The motivation: the extraordinary stressors of our time. “When we’re feeling vulnerable, we seek smaller, tighter spaces,” said Dak Kopec, a professor of design at the University of Nevada, Las Vegas, with a Ph.D. in environmental psychology. “Being outdoors makes us feel vulnerable.” And plant walls give us double comfort. We immerse ourselves in the natural world, a practice known as “natural bathing,” which Dr. Kopec can relieve stress and even improve concentration. In these green hideaways, “we can reconnect to our roots in a safe, stable, and controlled way.”

Theresa Sanders is amazed by the green decompression chamber that Mr. Gardner created for her and her husband in Charleston. She has five enclosures to choose from, but is often drawn to the smallest, whose sofa is tucked among large, sweet-scented gardenias. “The scent makes me feel like I’m floating away, but I’m also enveloped in the space,” she said.

At Paul Neundorfer, too, requests for lavishly designed outdoor garden rooms are increasing. “Landscape used to be something you could look at through a window or a place to throw a ball,” said the landscape architect and director of the Aristotle Design Group in Cleveland. Some customers even want to be informed about their new rooms. One requested signage with QR codes linking to botanical information. Another wanted a giant chess board. Mr. Neundorfer is asked about playrooms, kitchens, living rooms and spas.

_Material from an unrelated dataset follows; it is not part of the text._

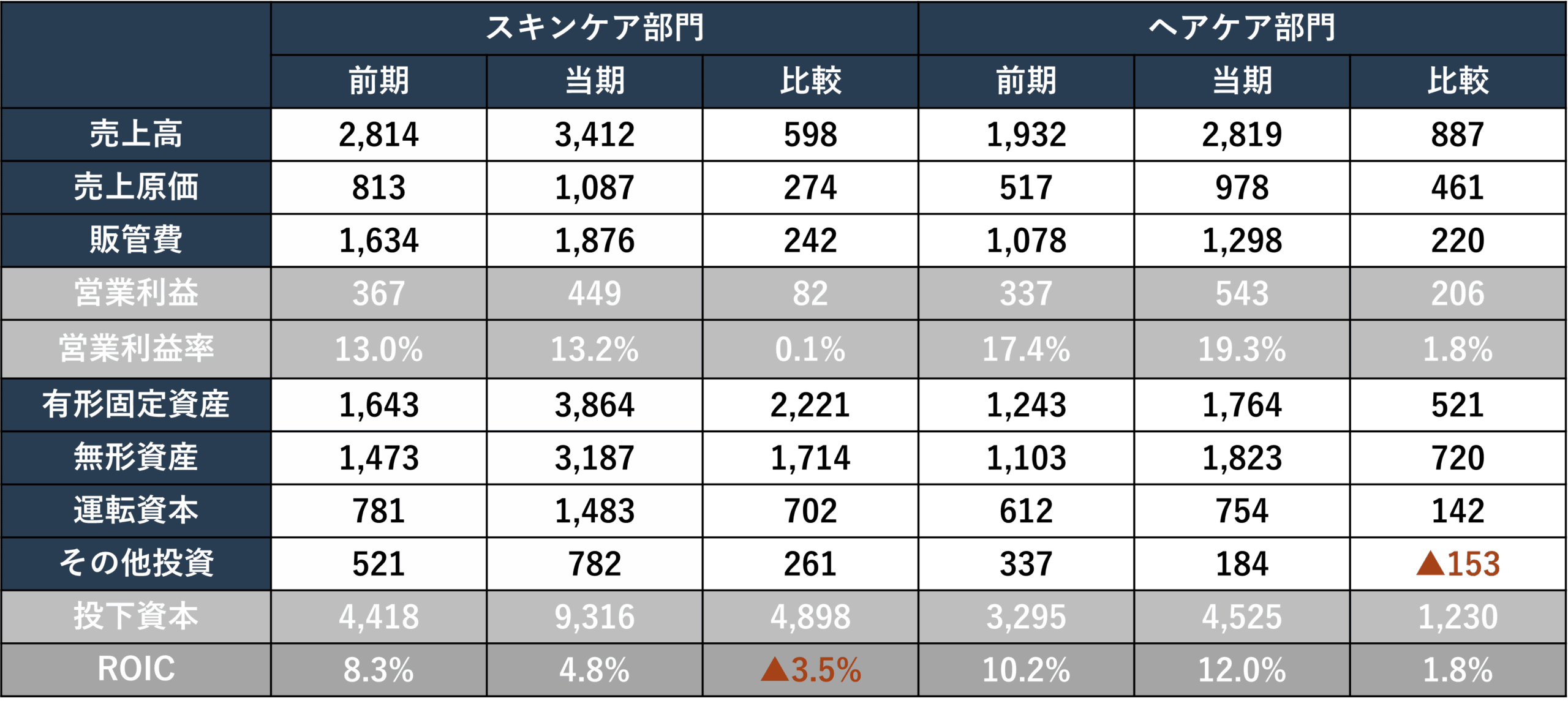 ・今年度のROICは前年度比3.5%低下している

Its outdoor spaces are decidedly architectural: 18-inch jelly bean-shaped boxwood trees define a dining area; Luckily, 20-foot walls of Green Giant Arborvitae block the world. In his reimagining of once-ordinary courtyards, a pair of magnolia trees can become a door. Fences and masonry walls come alive with colorful clematis or glossy ivy. Climbers in the sunny south include long-lasting bougainvillea blooms and the endearing heart-shaped foliage of the kiwi vine.

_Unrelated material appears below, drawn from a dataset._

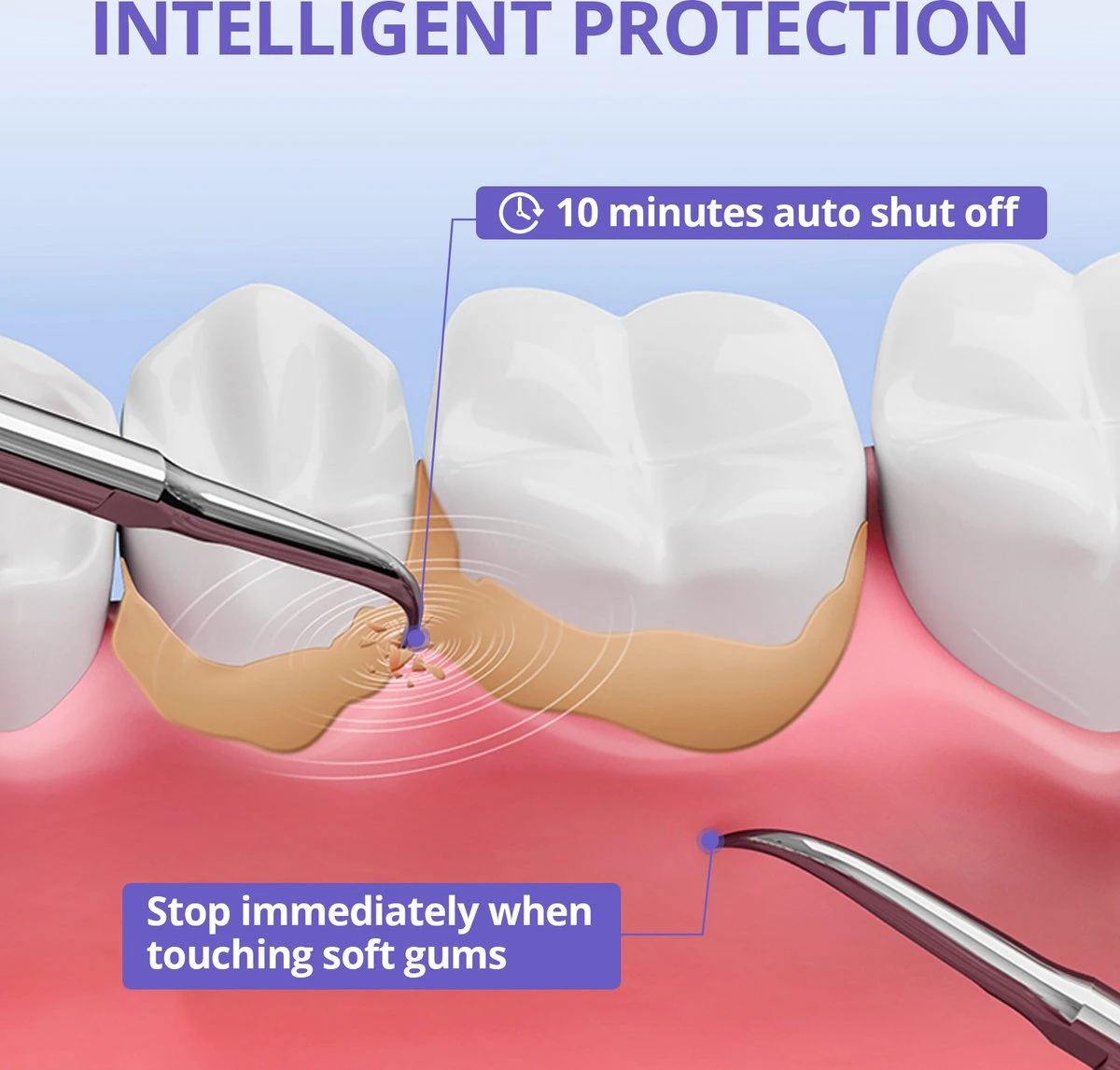 - Sûr et indolore : le détartrant ne démarre que lorsque la tête de nettoyage touche vos dents ou des objets durs, il s’arrête automatiquement de vibrer lorsqu’il touche des gencives molles, ce qui est totalement sans danger pour vos gencives, matériau ABS de qualité alimentaire et acier inoxydable de qualité médicale, plus confortable et plus facile à nettoyer. (Remarque : Nous vous conseillons de commencer par le mode le plus doux afin de ne pas laisser la tête de nettoyage au même endroit plus de 2 secondes et de ne pas lui appliquer de forte pression).

Bamboo is a very popular “living fence,” although you must take precautions against its invasiveness. Getty Images
In warmer climates, bougainvillea fills fences with greenery and rich colors. Getty Images
Climbing hydrangeas offer lacy mop tops and graceful foliage in summer and an earthy tapestry of stems in winter. Getty Images

From left: Bamboo is a very popular “living fence” although you must take precautions against its invasiveness. In warmer climates, bougainvillea fills fences with greenery and rich colors. Climbing hydrangeas offer lacy mop tops and graceful foliage in summer and an earthy tapestry of stems in winter. Getty Images

Mr. Gardner notes that the green also deadens sounds from outside the yard. “The noise reduction is remarkable,” he said. Now he’s more likely to hear a bird chirping than a car radio blaring. Bonus: Additional vegetation attracts critters. Ms. Sanders noticed many drop-ins – a hawk, crows, woodpeckers, lizards. “After the rain, the frogs come and sing like the Charleston choir.”

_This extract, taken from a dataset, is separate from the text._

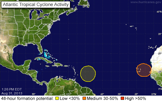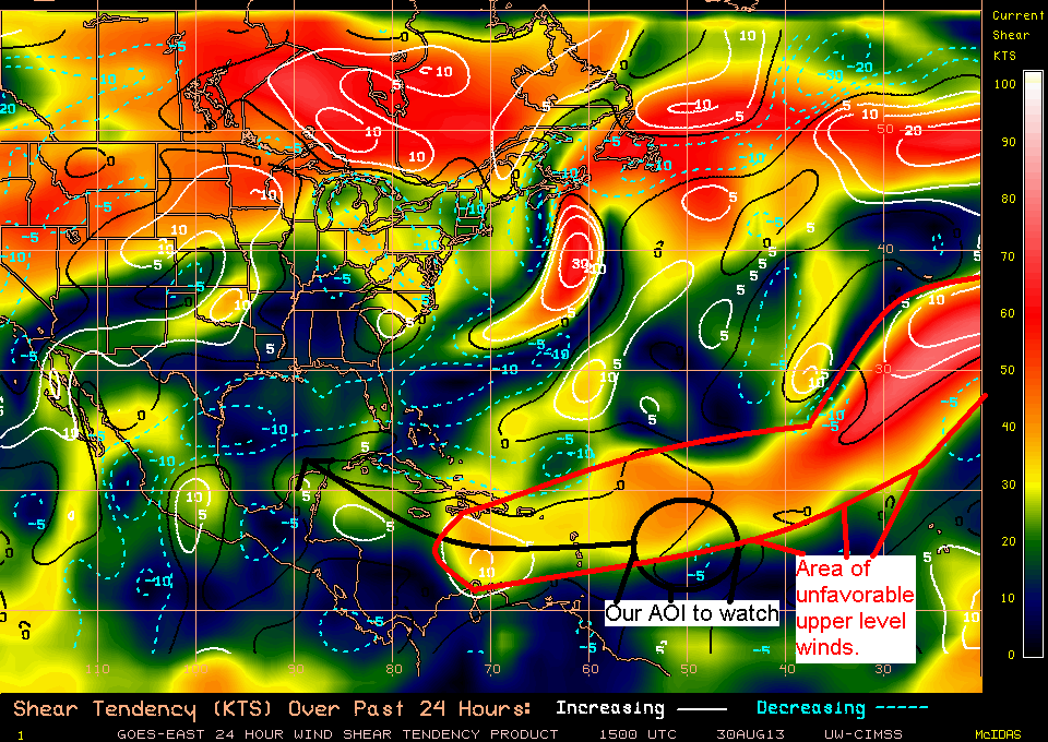 However, DMAX will greet the system bright and early tomorrow morning and will allow for significant return of convection to the system. There is a modest amount of spin associated with this system and with a bit more convection (may happen tomorrow or Labor Day), it could reach TD status. However, there are a few factors suppressing development and one of those is shear.

The rooms change with the seasons. Leafless creepers display tapestries of woven stems. A hornbeam hedge loses its green, but its branch structure cradles snow. “It’s a beautiful scene,” said Mr. Neundorfer.

Garden Rooms come with a cost, both in the form of coins and effort. “It’s an obligation. If you don’t keep going, it’s going to look awful,” Mr. Gardner said. take sunlight into account. You can’t have symmetrical plants in a room that gets lots of sun on the left and no sun on the right. “Find plants that work in the space and feel balanced,” he said.

And if you’re drawn to the whispering screen that Bamboo has to offer, watch what you unleash, said Herr Neundorfer. “Bamboo is popular but very invasive. We install underground concrete walls to prevent roots from spreading.”